==== Exercise data ====

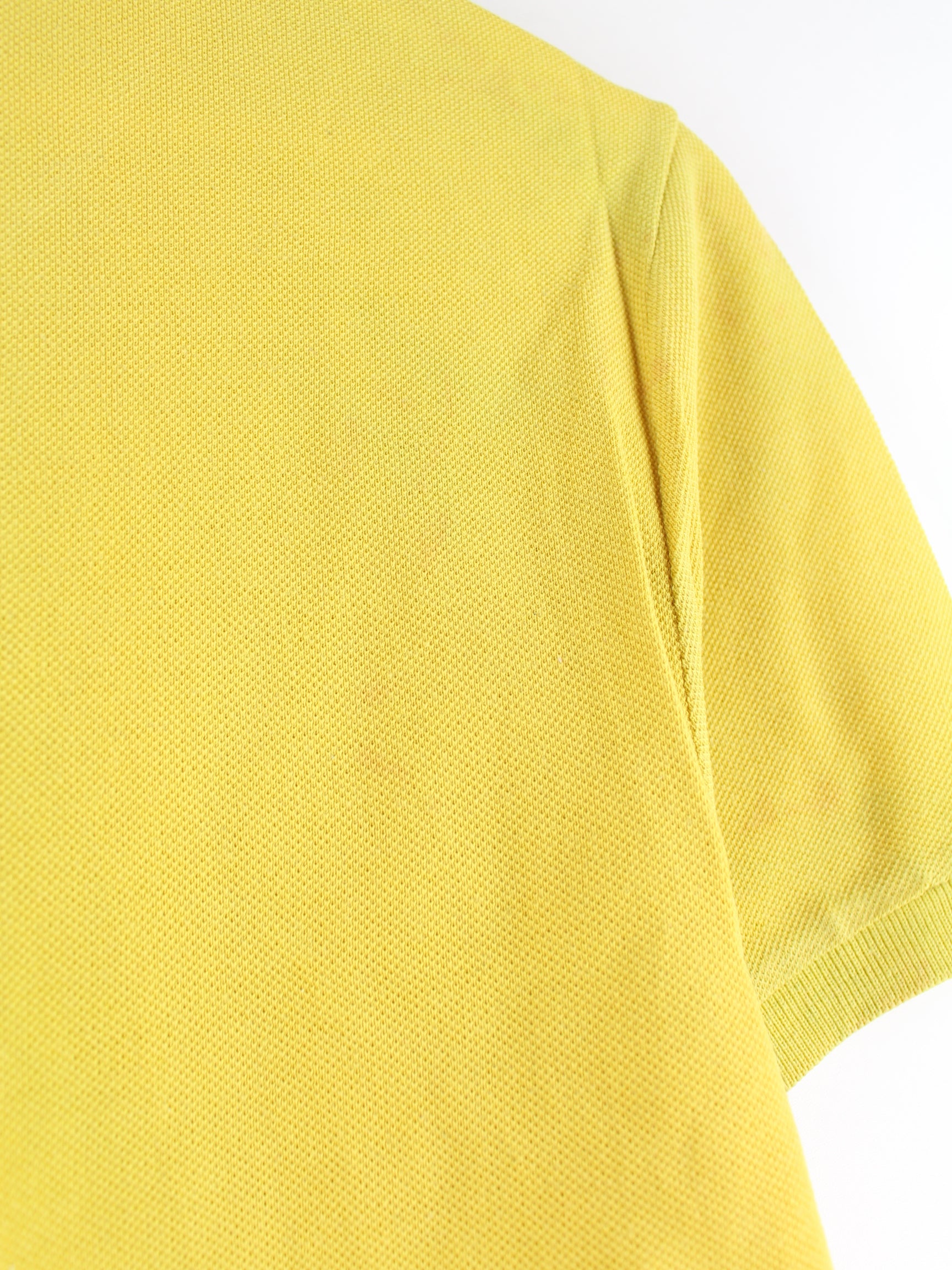 Gelbes Poloshirt von Lacoste in Größe S. Es ist aus Baumwolle gefertigt. Den Zustand würden wir als 'In Ordnung' bezeichnen (vergl. Bilder).
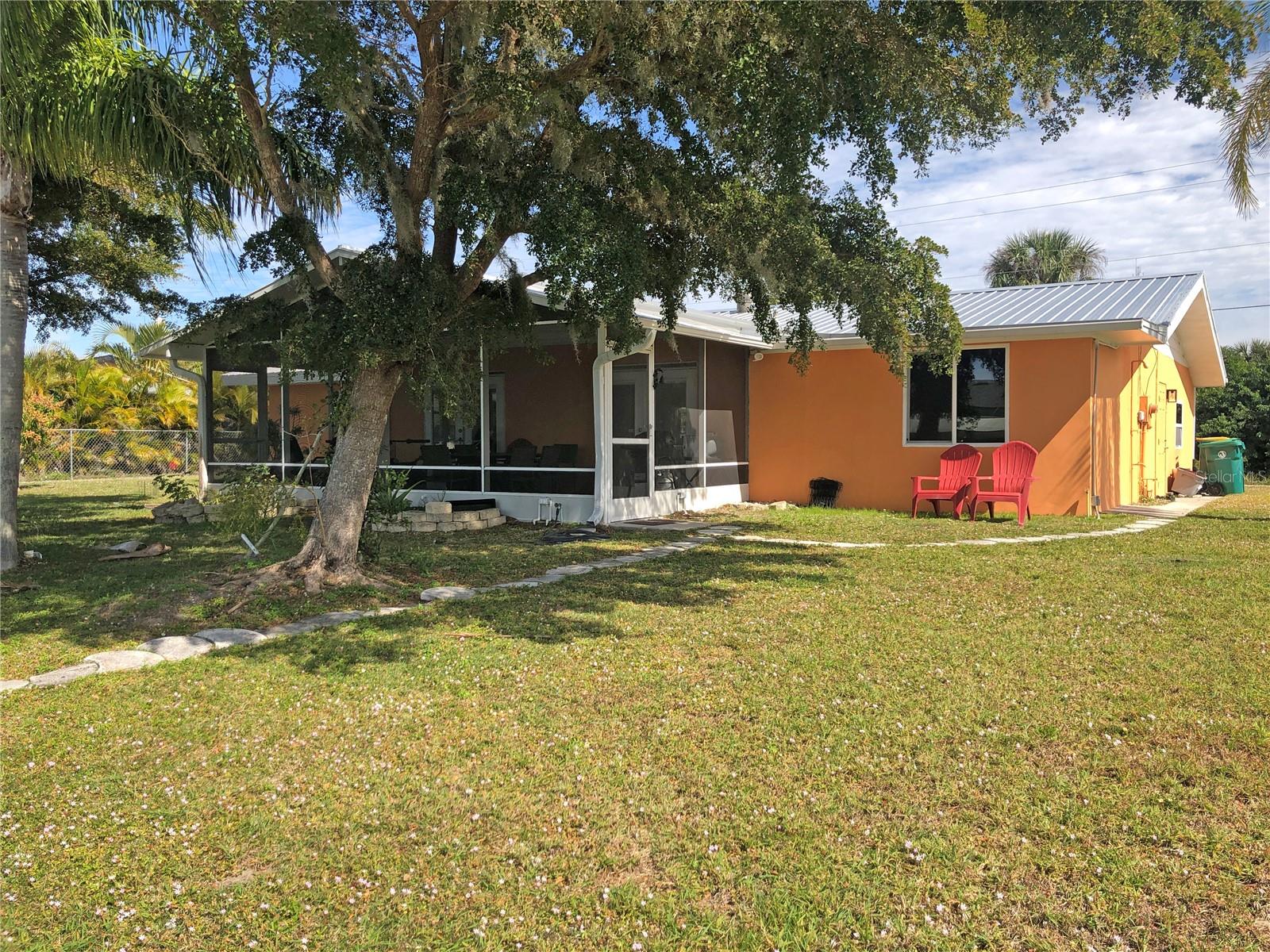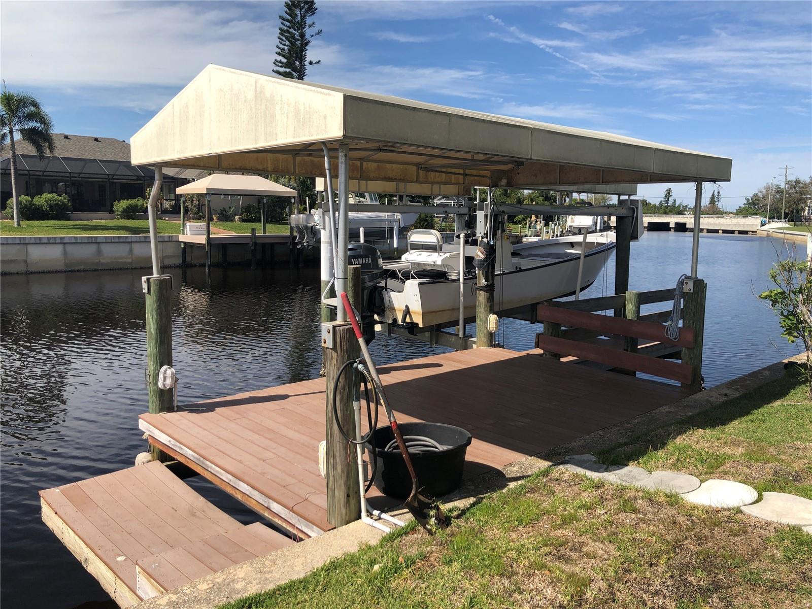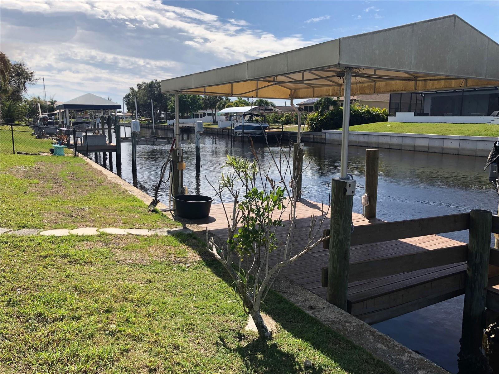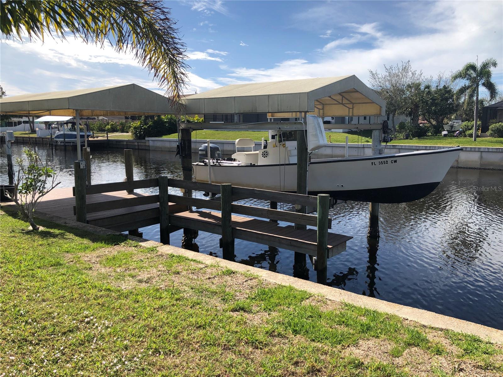 Delightful WATERFRONT home offers QUICK SAILBOAT ACCESS to Charlotte Harbor and on to the Gulf of Mexico. Located on a quiet street yet two minutes from all amenities. Don't let the age fool you! This home has beautiful design features throughout including original terrazzo floors in the Kitchen and 2 bedrooms. This light and bright home offers a Great Room, well appointed Kitchen, large Family Room, large Inside Laundry Room, 3 Bedrooms, 2 full Bathrooms and attached 2 Car Garage. The Great room features separate Dining Room and Living room areas, lots of natural light and wood laminate flooring. The Kitchen has a cooktop with hood, Refrigerator, dishwasher, breakfast bar, stainless farmhouse sink and white cabinetry. The Kitchen opens to the 24x12 Family Room in the rear of the home. The Inside Utility has front loading washer and dryer, large storage closet and plenty of additional space for cabinets or storage. There are three generous sized bedrooms with great closet space. The Master Bedroom has a private bathroom with walk in shower and vanity with vessel sink. The guest bathroom has a tub/shower combo. Your living space extends via French doors to the 24x12 screened Lanai with tile flooring. Continue to the waterfront with concrete seawall, covered wood dock and boat lift. Utilities are public water and public sewer. NO HOA. This home is minutes from shopping, dining, medical care, entertainment, Port Charlotte Beach Complex with tennis courts, basketball courts, playground, bocce courts, volleyball courts, HEATED SWIMMING POOL and more. Only 15 minutes to the Charlotte Sports Park, spring training home for the Tampa Bay Rays. This home is the Florida lifestyle at its best!
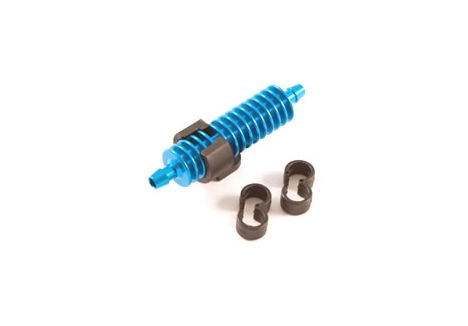 The Exhaust Gas Cooler is mounted between the tuned pipe and the fuel tank and so it will take away some heat from the exhaust gas that goes into the fueltank, lowering the temprature of the fuel and increasing the runtime. Available in a selection of colours and with additional mounting clip and fuel clips it is a must have addition for any serious racer.
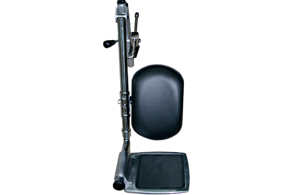 Alquiler Reposapiés elevable y regulable en altura en acero. Lleva una almohadilla para descansar la zona del gemelo. Ideal para personas que han de llevar su pierna de una manera elevada.
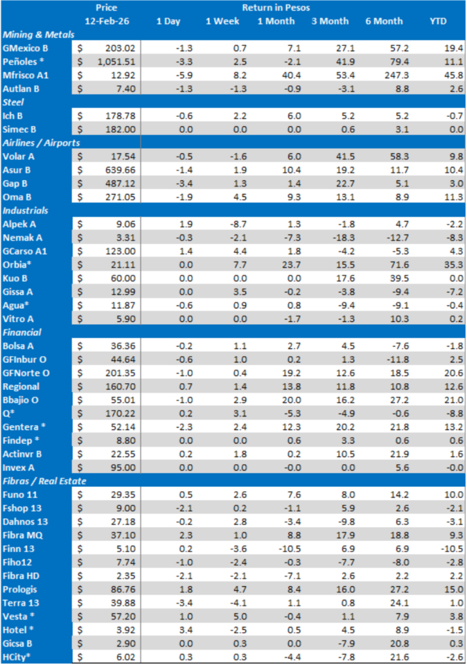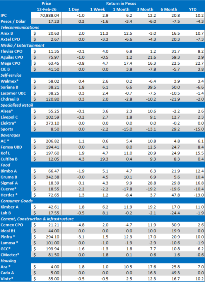 AMX registró resultados positivos en el 4T25, con una subida de 11,3% en la semana. Los ingresos aumentaron 3,4% interanuales, apoyados por el impulso del servicio móvil, la expansión de la banda ancha y la fortaleza de las ventas de equipos. Los ingresos por servicios aumentaron 2,3% interanuales, reflejando un crecimiento de los ingresos por servicios móviles de 6,2% a tipos de cambio constantes gracias a la tracción del pospago y a la resistencia de la demanda de prepago. Las altas netas de pospago alcanzaron los 2,8 millones, lideradas por Brasil, Colombia y México, mientras que las altas netas de prepago contribuyeron con 647.000, principalmente de México, Argentina y Colombia, y las altas netas de banda ancha totalizaron 524.000, impulsadas por el despliegue de fibra en México y Brasil. El EBITDA creció 4,2% interanuales gracias al control de costes y al apalancamiento operativo, con un margen de EBITDA de 38,8%, 30 pb más que el año anterior. El beneficio neto aumentó más de 300% interanuales, mientras que los costes financieros globales se redujeron aproximadamente 48% interanuales. La deuda neta en relación con el EBITDAaL se situó en 1,52 veces, después de que el flujo de caja libre aumentara 39,4% interanuales y la generación de caja redujera la deuda neta. La compañía prevé un Capex de 14-15% de ingresos. AMX perdió la oferta por los activos chilenos de Telefónica frente a Millicom/NJJ Holding. Sin embargo, la empresa mexicana de telecomunicaciones busca reducir el apalancamiento para acometer adquisiciones en Latinoamérica.
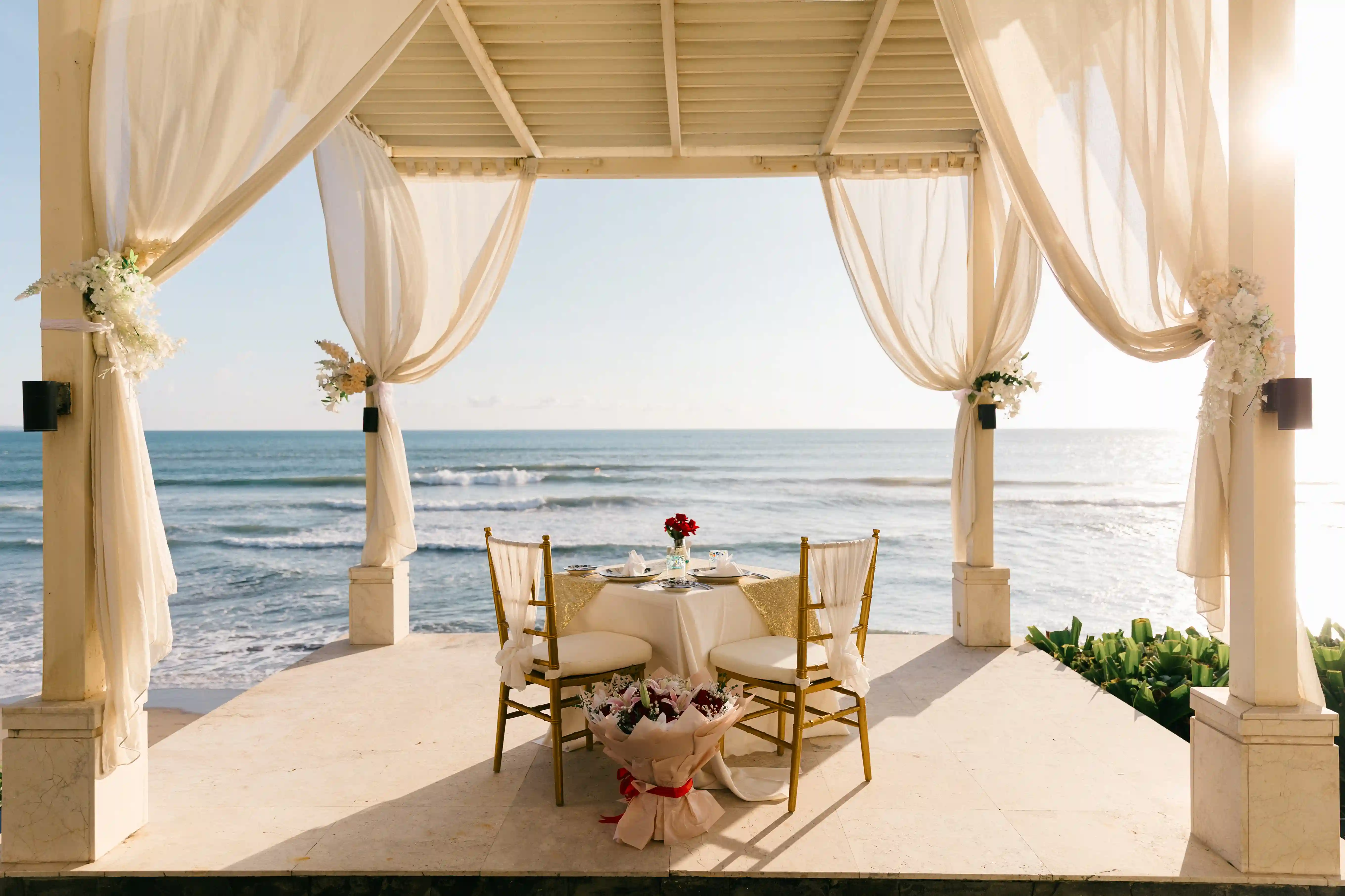 We designed a stunning private dinner setup right by the ocean in Seminyak. A romantic pathway lined with rose petals guided the couple into the beautifully styled space. The table was elegantly set, surrounded by soft candlelight and carefully curated details that enhanced the natural beauty of the location.
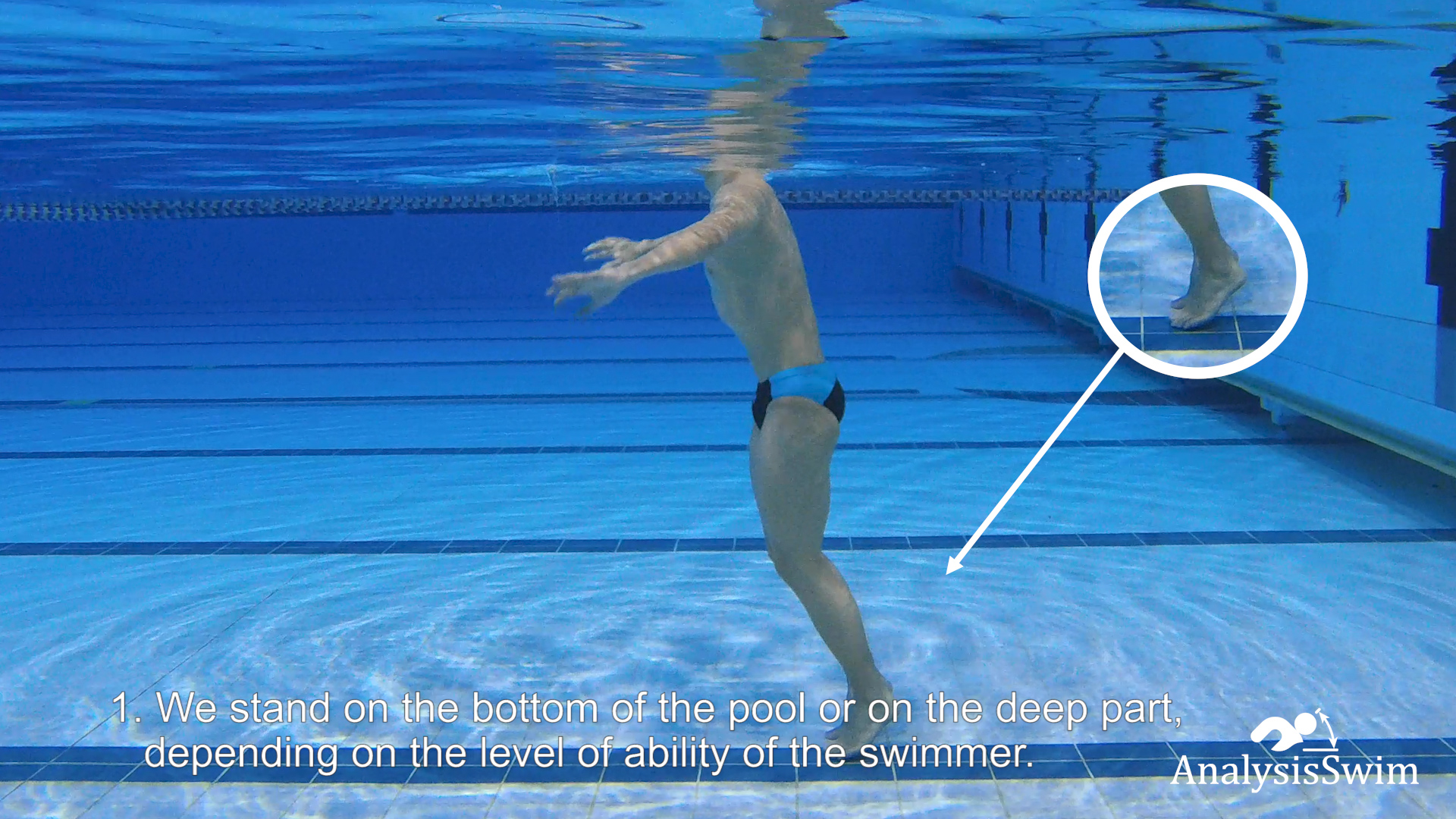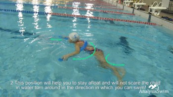 1. We stand on the bottom of the pool or on the deep part, depending on the level of ability of the swimmer.
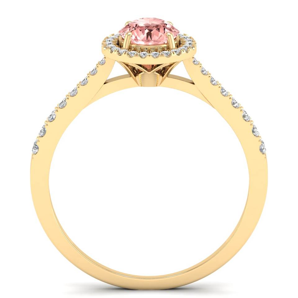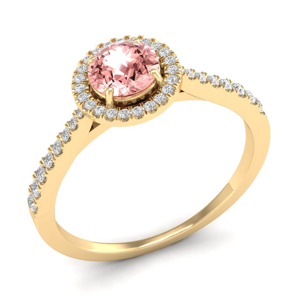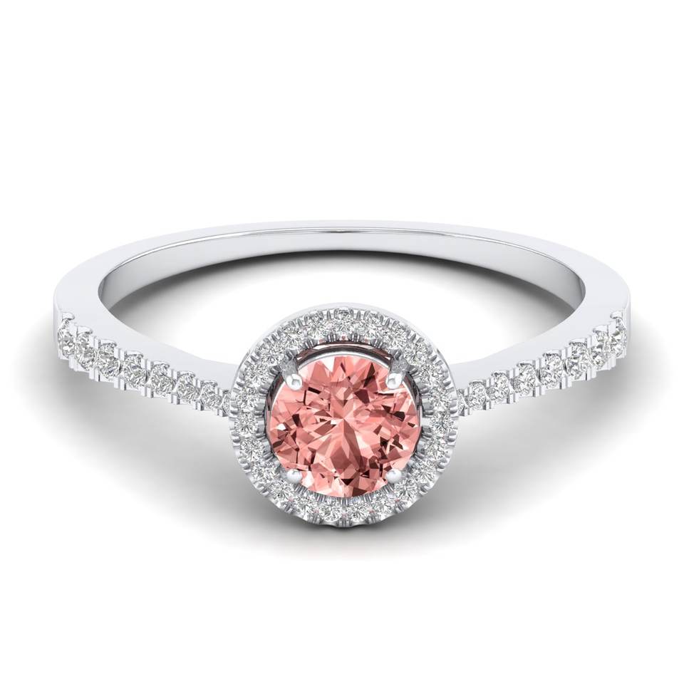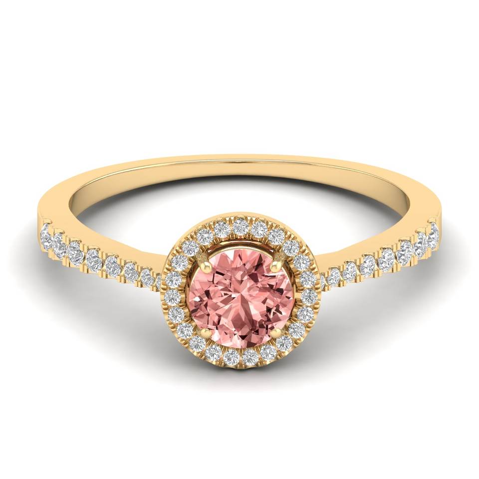 REYES Personalized 14K Solid Gold Diamond Wedding Halo Ring Round Brilliant Cut 0.84 Carat Morganite Gemstone Jewelry For Women

====

### [About this exercise]
Could you copy the listing exactly, leaving out any pictures?

### [Result of the exercise]
 Gelbes Poloshirt von Lacoste in Größe S. Es ist aus Baumwolle gefertigt. Den Zustand würden wir als 'In Ordnung' bezeichnen (vergl. Bilder).
 Delightful WATERFRONT home offers QUICK SAILBOAT ACCESS to Charlotte Harbor and on to the Gulf of Mexico. Located on a quiet street yet two minutes from all amenities. Don't let the age fool you! This home has beautiful design features throughout including original terrazzo floors in the Kitchen and 2 bedrooms. This light and bright home offers a Great Room, well appointed Kitchen, large Family Room, large Inside Laundry Room, 3 Bedrooms, 2 full Bathrooms and attached 2 Car Garage. The Great room features separate Dining Room and Living room areas, lots of natural light and wood laminate flooring. The Kitchen has a cooktop with hood, Refrigerator, dishwasher, breakfast bar, stainless farmhouse sink and white cabinetry. The Kitchen opens to the 24x12 Family Room in the rear of the home. The Inside Utility has front loading washer and dryer, large storage closet and plenty of additional space for cabinets or storage. There are three generous sized bedrooms with great closet space. The Master Bedroom has a private bathroom with walk in shower and vanity with vessel sink. The guest bathroom has a tub/shower combo. Your living space extends via French doors to the 24x12 screened Lanai with tile flooring. Continue to the waterfront with concrete seawall, covered wood dock and boat lift. Utilities are public water and public sewer. NO HOA. This home is minutes from shopping, dining, medical care, entertainment, Port Charlotte Beach Complex with tennis courts, basketball courts, playground, bocce courts, volleyball courts, HEATED SWIMMING POOL and more. Only 15 minutes to the Charlotte Sports Park, spring training home for the Tampa Bay Rays. This home is the Florida lifestyle at its best!
 The Exhaust Gas Cooler is mounted between the tuned pipe and the fuel tank and so it will take away some heat from the exhaust gas that goes into the fueltank, lowering the temprature of the fuel and increasing the runtime. Available in a selection of colours and with additional mounting clip and fuel clips it is a must have addition for any serious racer.
 Alquiler Reposapiés elevable y regulable en altura en acero. Lleva una almohadilla para descansar la zona del gemelo. Ideal para personas que han de llevar su pierna de una manera elevada.
 AMX registró resultados positivos en el 4T25, con una subida de 11,3% en la semana. Los ingresos aumentaron 3,4% interanuales, apoyados por el impulso del servicio móvil, la expansión de la banda ancha y la fortaleza de las ventas de equipos. Los ingresos por servicios aumentaron 2,3% interanuales, reflejando un crecimiento de los ingresos por servicios móviles de 6,2% a tipos de cambio constantes gracias a la tracción del pospago y a la resistencia de la demanda de prepago. Las altas netas de pospago alcanzaron los 2,8 millones, lideradas por Brasil, Colombia y México, mientras que las altas netas de prepago contribuyeron con 647.000, principalmente de México, Argentina y Colombia, y las altas netas de banda ancha totalizaron 524.000, impulsadas por el despliegue de fibra en México y Brasil. El EBITDA creció 4,2% interanuales gracias al control de costes y al apalancamiento operativo, con un margen de EBITDA de 38,8%, 30 pb más que el año anterior. El beneficio neto aumentó más de 300% interanuales, mientras que los costes financieros globales se redujeron aproximadamente 48% interanuales. La deuda neta en relación con el EBITDAaL se situó en 1,52 veces, después de que el flujo de caja libre aumentara 39,4% interanuales y la generación de caja redujera la deuda neta. La compañía prevé un Capex de 14-15% de ingresos. AMX perdió la oferta por los activos chilenos de Telefónica frente a Millicom/NJJ Holding. Sin embargo, la empresa mexicana de telecomunicaciones busca reducir el apalancamiento para acometer adquisiciones en Latinoamérica.
 We designed a stunning private dinner setup right by the ocean in Seminyak. A romantic pathway lined with rose petals guided the couple into the beautifully styled space. The table was elegantly set, surrounded by soft candlelight and carefully curated details that enhanced the natural beauty of the location.
 1. We stand on the bottom of the pool or on the deep part, depending on the level of ability of the swimmer.
 REYES Personalized 14K Solid Gold Diamond Wedding Halo Ring Round Brilliant Cut 0.84 Carat Morganite Gemstone Jewelry For Women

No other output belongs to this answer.